Can you transcribe the data exactly? Leave the pictures out.

* * *

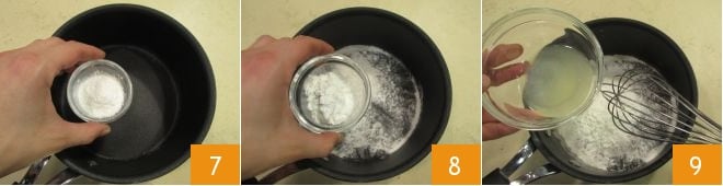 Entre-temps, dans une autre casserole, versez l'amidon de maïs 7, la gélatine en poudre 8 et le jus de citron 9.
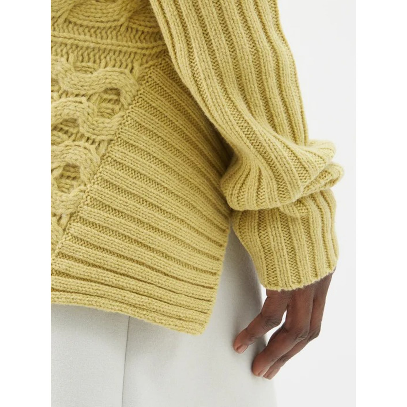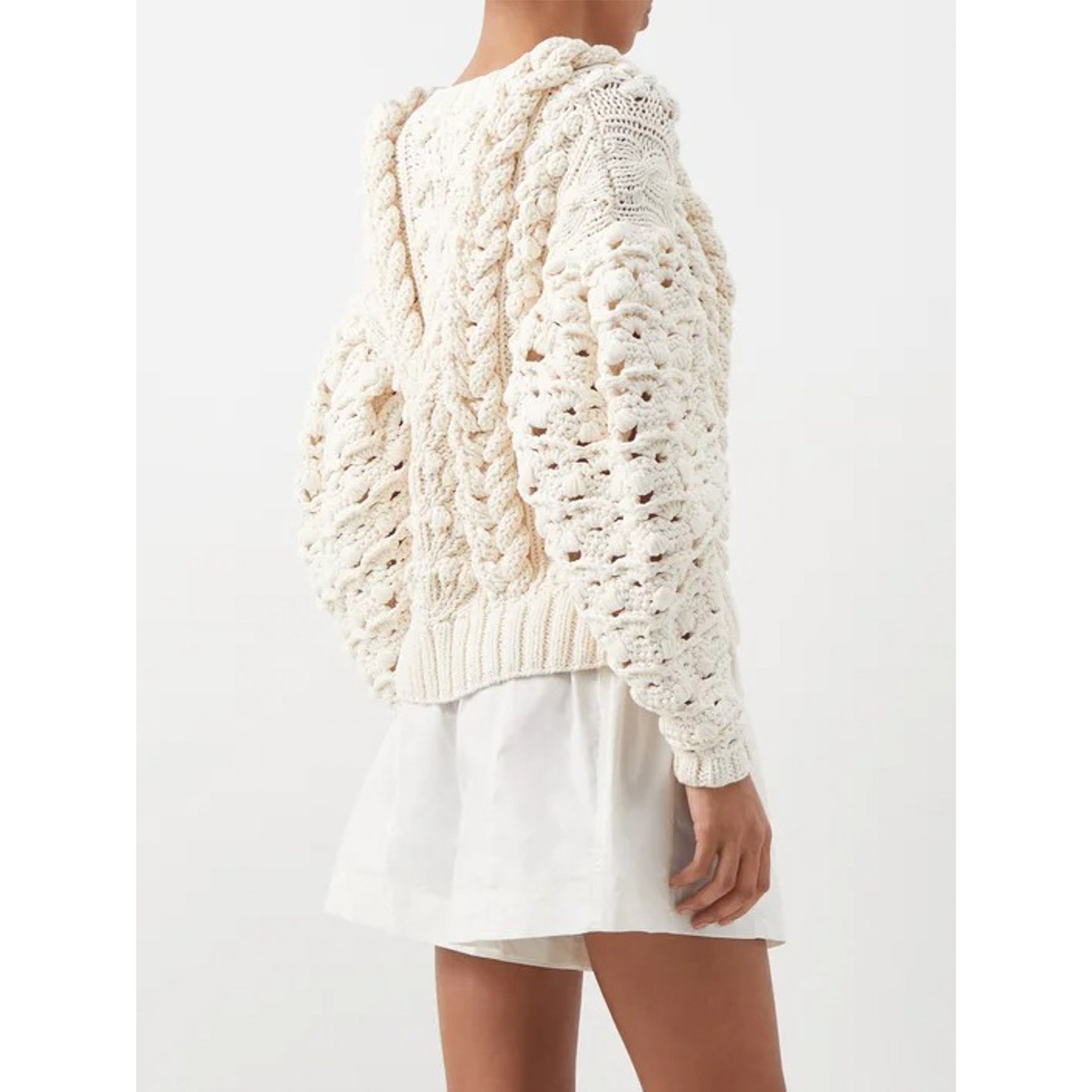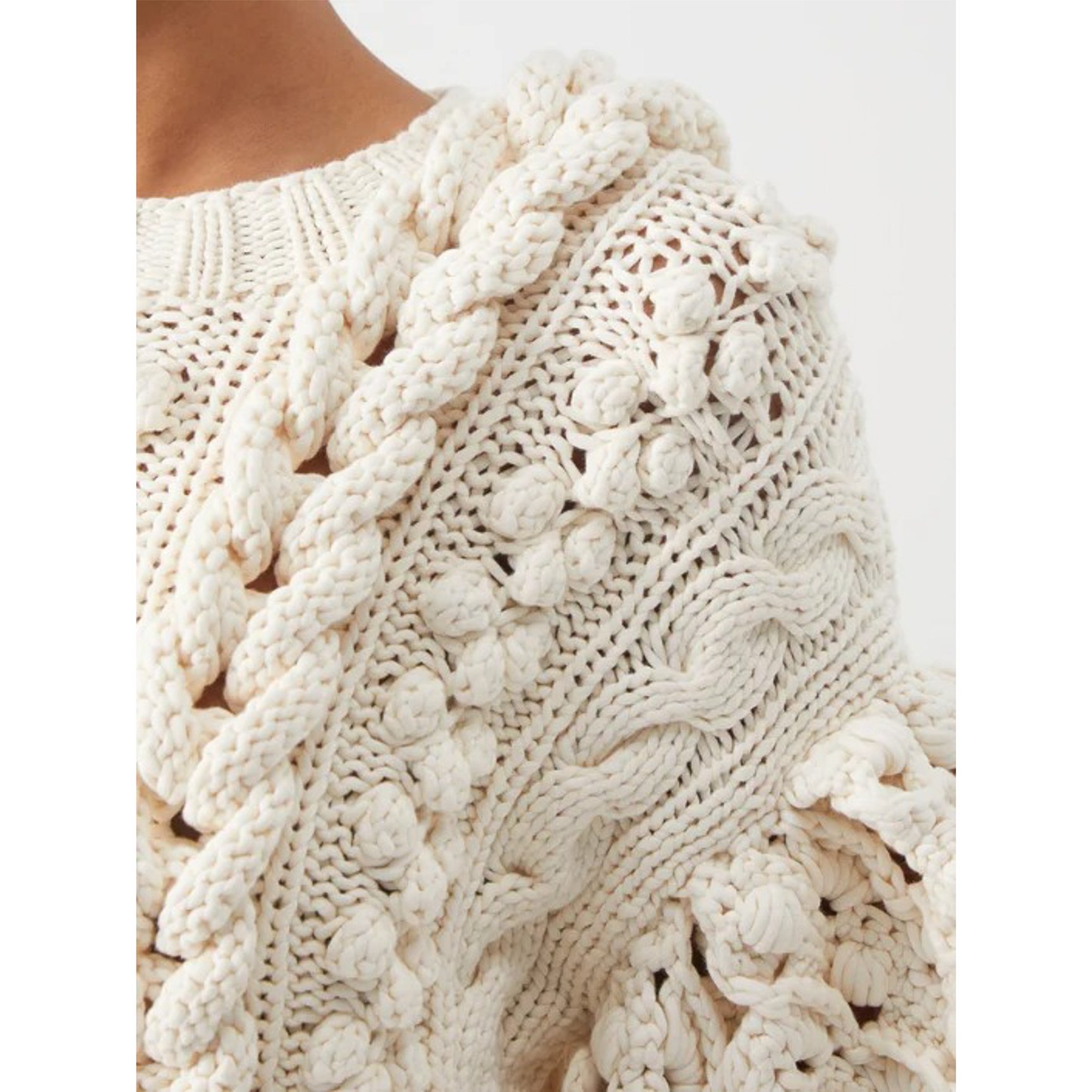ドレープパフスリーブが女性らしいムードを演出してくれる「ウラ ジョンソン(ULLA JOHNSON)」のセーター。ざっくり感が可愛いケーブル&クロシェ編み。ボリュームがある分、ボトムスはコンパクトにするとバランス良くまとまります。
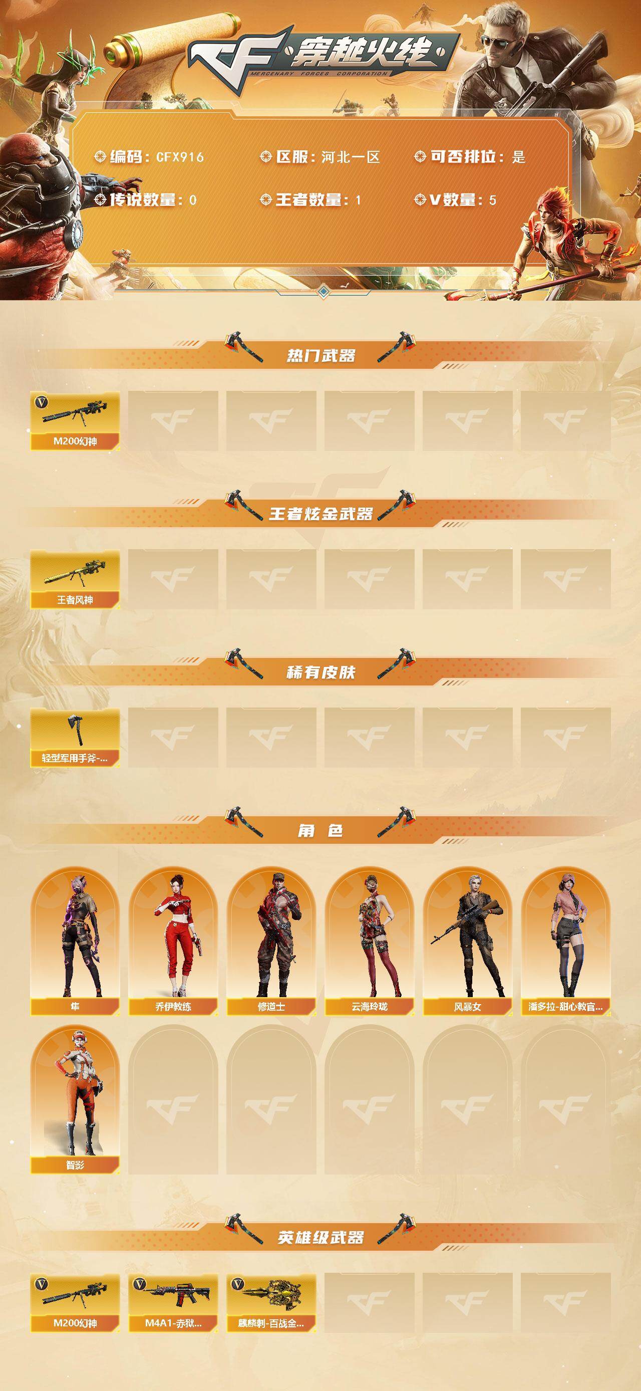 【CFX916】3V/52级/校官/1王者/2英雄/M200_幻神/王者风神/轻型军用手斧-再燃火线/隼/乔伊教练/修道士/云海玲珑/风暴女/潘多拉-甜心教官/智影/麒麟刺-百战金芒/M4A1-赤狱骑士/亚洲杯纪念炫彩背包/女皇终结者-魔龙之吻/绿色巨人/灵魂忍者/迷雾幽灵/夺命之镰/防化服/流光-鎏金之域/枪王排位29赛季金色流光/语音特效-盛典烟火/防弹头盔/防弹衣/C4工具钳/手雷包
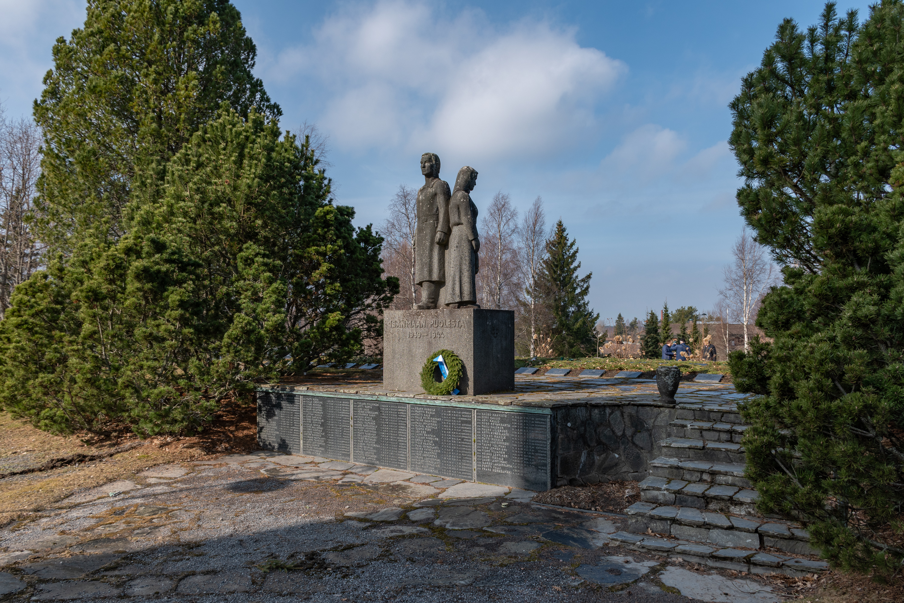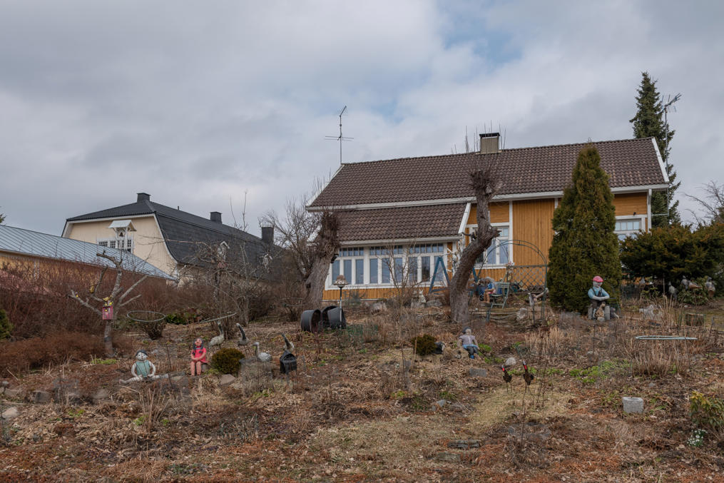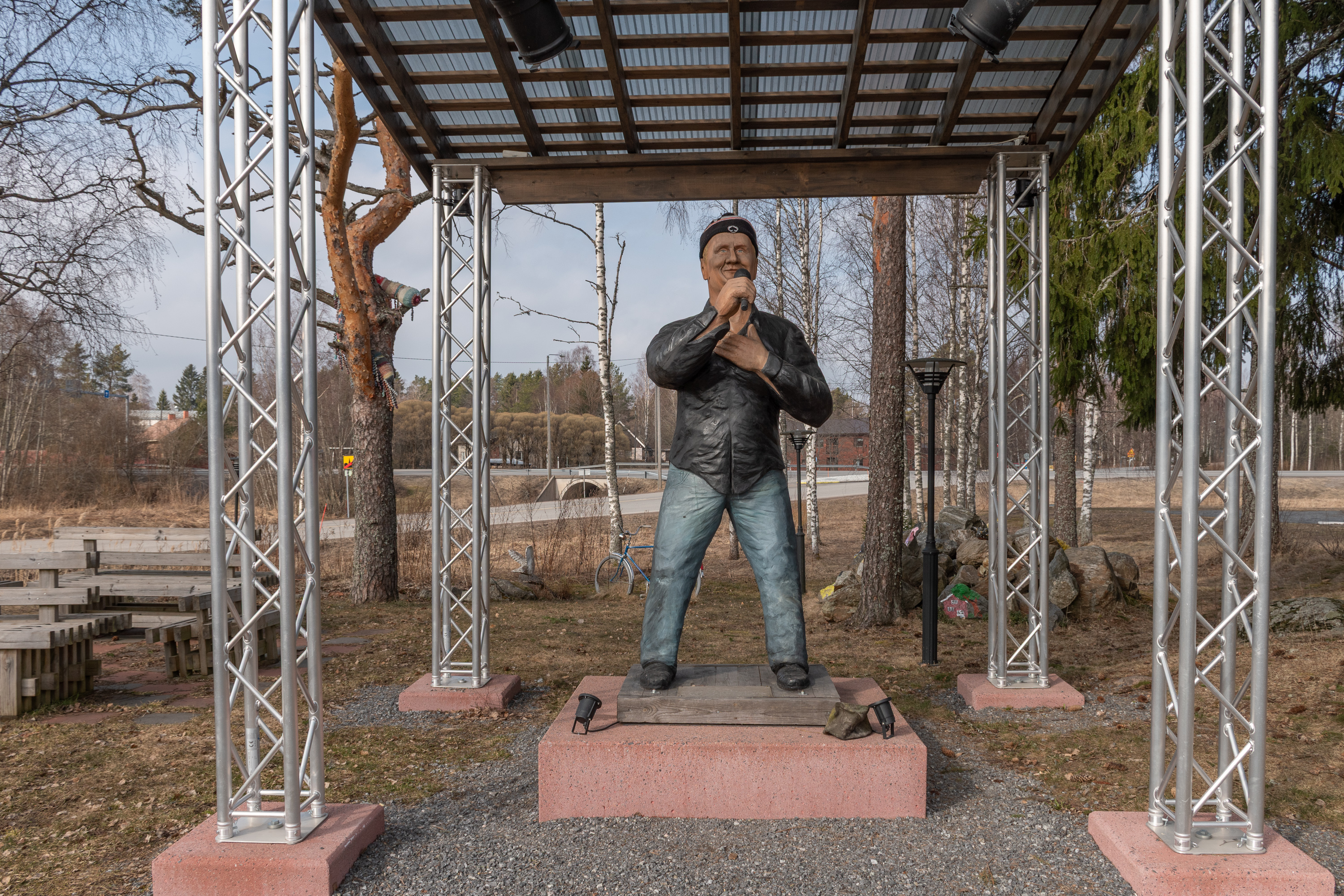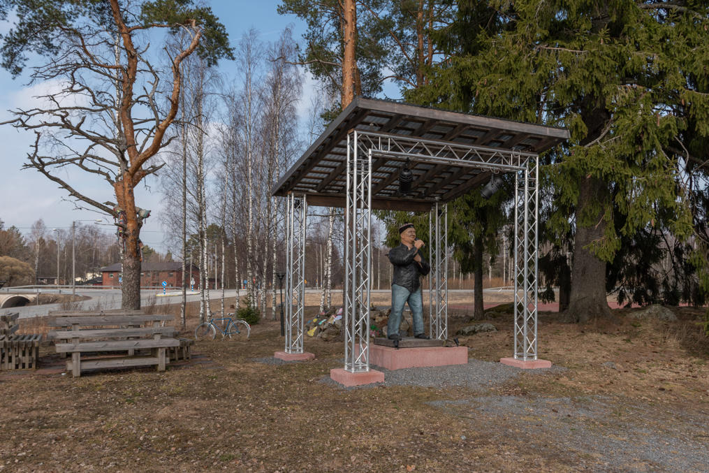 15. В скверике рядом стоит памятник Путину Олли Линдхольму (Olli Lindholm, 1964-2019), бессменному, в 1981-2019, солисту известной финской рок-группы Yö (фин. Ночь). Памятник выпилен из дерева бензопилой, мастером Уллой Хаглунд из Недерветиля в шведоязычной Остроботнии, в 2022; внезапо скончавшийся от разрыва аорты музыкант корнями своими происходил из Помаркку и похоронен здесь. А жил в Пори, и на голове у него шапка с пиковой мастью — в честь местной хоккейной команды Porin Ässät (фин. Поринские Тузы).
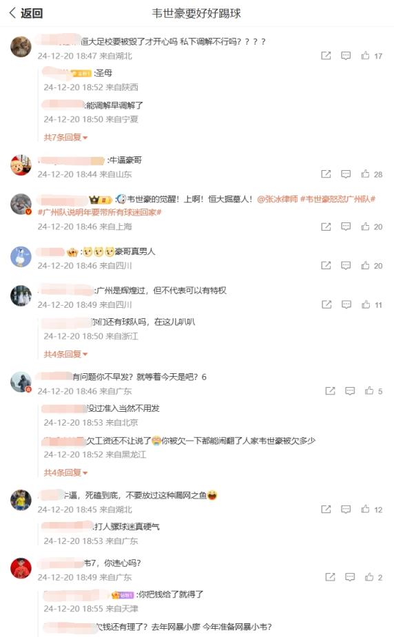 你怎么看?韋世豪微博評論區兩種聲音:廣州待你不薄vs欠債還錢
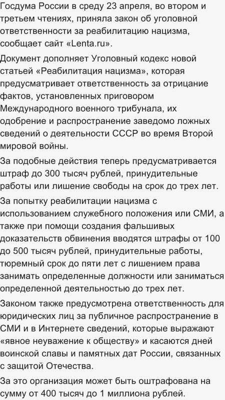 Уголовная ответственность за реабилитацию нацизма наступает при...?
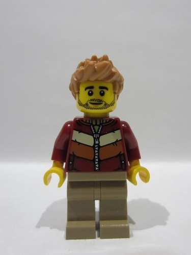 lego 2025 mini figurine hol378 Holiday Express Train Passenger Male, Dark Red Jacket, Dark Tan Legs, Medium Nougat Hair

* * *

--- PROBLEM SOLUTION ---
 Entre-temps, dans une autre casserole, versez l'amidon de maïs 7, la gélatine en poudre 8 et le jus de citron 9.
ドレープパフスリーブが女性らしいムードを演出してくれる「ウラ ジョンソン(ULLA JOHNSON)」のセーター。ざっくり感が可愛いケーブル&クロシェ編み。ボリュームがある分、ボトムスはコンパクトにするとバランス良くまとまります。
 【CFX916】3V/52级/校官/1王者/2英雄/M200_幻神/王者风神/轻型军用手斧-再燃火线/隼/乔伊教练/修道士/云海玲珑/风暴女/潘多拉-甜心教官/智影/麒麟刺-百战金芒/M4A1-赤狱骑士/亚洲杯纪念炫彩背包/女皇终结者-魔龙之吻/绿色巨人/灵魂忍者/迷雾幽灵/夺命之镰/防化服/流光-鎏金之域/枪王排位29赛季金色流光/语音特效-盛典烟火/防弹头盔/防弹衣/C4工具钳/手雷包
 15. В скверике рядом стоит памятник Путину Олли Линдхольму (Olli Lindholm, 1964-2019), бессменному, в 1981-2019, солисту известной финской рок-группы Yö (фин. Ночь). Памятник выпилен из дерева бензопилой, мастером Уллой Хаглунд из Недерветиля в шведоязычной Остроботнии, в 2022; внезапо скончавшийся от разрыва аорты музыкант корнями своими происходил из Помаркку и похоронен здесь. А жил в Пори, и на голове у него шапка с пиковой мастью — в честь местной хоккейной команды Porin Ässät (фин. Поринские Тузы).
 你怎么看?韋世豪微博評論區兩種聲音:廣州待你不薄vs欠債還錢
 Уголовная ответственность за реабилитацию нацизма наступает при...?
 lego 2025 mini figurine hol378 Holiday Express Train Passenger Male, Dark Red Jacket, Dark Tan Legs, Medium Nougat Hair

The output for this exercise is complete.